ST. PAUL, Minn. -- When he took over as interim coach of the Minnesota Wild on Feb. 13, John Torchetti implored the younger players on his roster to take on a bigger role within a dressing room filled with veterans.
Perhaps no player has taken that more to heart than forward Erik Haula.
It's not that Torchetti elevated Haula in the lineup or has him playing top-six minutes; his role is essentially unchanged from the first half of the season.
But it's no coincidence that as the play of Haula has improved, so too has Minnesota's chances to succeed in the Stanley Cup Playoffs.
Video: OTT@MIN: Haula finishes Pominville's feed to tie game
The improved play is the result of a simple message from Torchetti to Haula during a quick meeting between the two a few hours after the change in coaches.
"From my end, I had him [for six games with Houston of the American Hockey League in 2012-13] and I knew about his speed," Torchetti said. "I just wanted him to keep using it. His speed is incredible."
Haula's speed has repeatedly created mismatches in all three zones, and as a result, he has been one of the Wild's most valuable players, playing a starring role in Minnesota's late-season surge to its fourth consecutive trip to the postseason.
After scoring five goals and three assists in the first 49 games this season under Mike Yeo, Haula has nine goals and 12 assists and is a plus-13 since the coaching change. His 10-game point streak from March 12-31 was the longest active streak in the NHL when it ended and tied the longest streak in team history (Andrew Brunette, 2002).
Video: COL@MIN: Haula scores Wild's third goal of 1st period
Perhaps more importantly, Haula's line routinely has been charged with going against an opponent's top offensive group.
Haula relishes the assignment and knows his success will be crucial if the Wild hopes to advance past the second round for the first time since 2003.
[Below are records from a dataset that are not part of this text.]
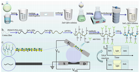 Abstract:In this study, the semiconductor channel layer of poly(ethylenedioxythiophene): poly(styrenesulfonate) (PEDOT: PSS)-reduced graphene oxide (rGO) was prepared by solution ultrasonic technology, and the photosensitive materials of tin oxide and zinc oxide quantum dots (QDs) were synthesized by the hydrothermal method. A novel fiber-based organic photoelectrochemical transistor (OPECT) was developed using PEDOT: PSS-rGO gated by SnO2 QDs-ZnO QDs heterojunction. The electrochemical properties were notably improved due to the synergistic effect of the heterojunction with the channel material. At the same time, serum amyloid A (SAA) biosensors have been developed based on OPECT and antibody modification, showing superior sensitivity of 151 mV/dec in the range of 1 ng/L to 1 mg/L, with good linear relationship (correlation coefficient of 0.9466) and low detection limit. At the same time, it shows good selectivity in other interfering substances and has been successfully applied to detect the SAA content in human serum in real samples. This research combines the new OPECT optoelectronic technology with appropriate flexible fibers for potential applications in portable and wearable bioelectronics devices.
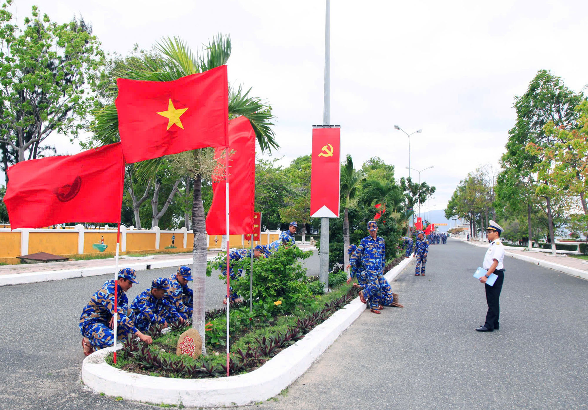 Đến thăm Lữ đoàn 162 hôm nay, từ khuôn viên doanh trại đến các trục đường trên Quân cảng Cam Ranh bừng sáng lộng lẫy hơn khi được trang hoàng rợp cờ, hoa, băng rôn, khẩu hiệu… chào mừng Đại hội Đảng bộ Vùng 4.
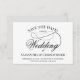 Med den här enkla eleganten Spara datumkortet i förväg för dina gäster om ditt kommande bröllop. Kortet är vitt med svart text på framsidan. Kortets baksida är en blek grått färg. Utformningen har ett skript med finare lacy-typsnitt.

"He looks forward to it, that's the No. 1 thing," Torchetti said. "He's disappointed if he gets scored on or if they get scoring chances. Or if I didn't keep that matchup, he's disappointed I didn't give it to him. That tells you everything about the player."
Tasked with shadowing the Patrick Kane-Artemi Panarin line in three games against the Chicago Blackhawks since Feb. 21, Haula's line has done wonders; Kane, the top point-scorer in the League, had one goal and was a minus-5 while Panarin, the top-scoring rookie, had one assist and was a minus-6.
"Everyone has roles on the team and that's been [my] role, having that checker's mentality, being able to play good defense," Haula said.
Video: FLA@MIN: Haula steals, breaks away and nets lead
Haula also has been able to transition sound defensive play into more scoring chances. In those games against Chicago, he had three goals and three assists and was a plus-6.
He could face a similar showdown with Jamie Benn's line in the series against Dallas. Benn, the Art Ross Trophy winner last season, had 89 points this season.
"I feel like they go hand-in-hand," Haula said. "If you really play good defense, you're going to have the puck more, odd-man rushes, things like that. Just because you play defense well, doesn't mean you are [only] good in your own zone. It's neutral zone, it's transition, it's puck-possession, it's everything. If you have the puck most of the night against top guys, it's going to be hard for them to generate. That's the key to it."
In addition to increased offensive production and a more prominent defensive role, Haula also is the Wild's best penalty killer and has improved his faceoff percentage from 46 percent his first two years in the NHL to 53 percent this season.
Haula credits his improvement in all facets to an increased maturity and a different outlook.
"It's growing into that veteran," he said. "[I'm] not a rookie player [anymore]. It's being able to play consistent hockey, be on top of your game every night."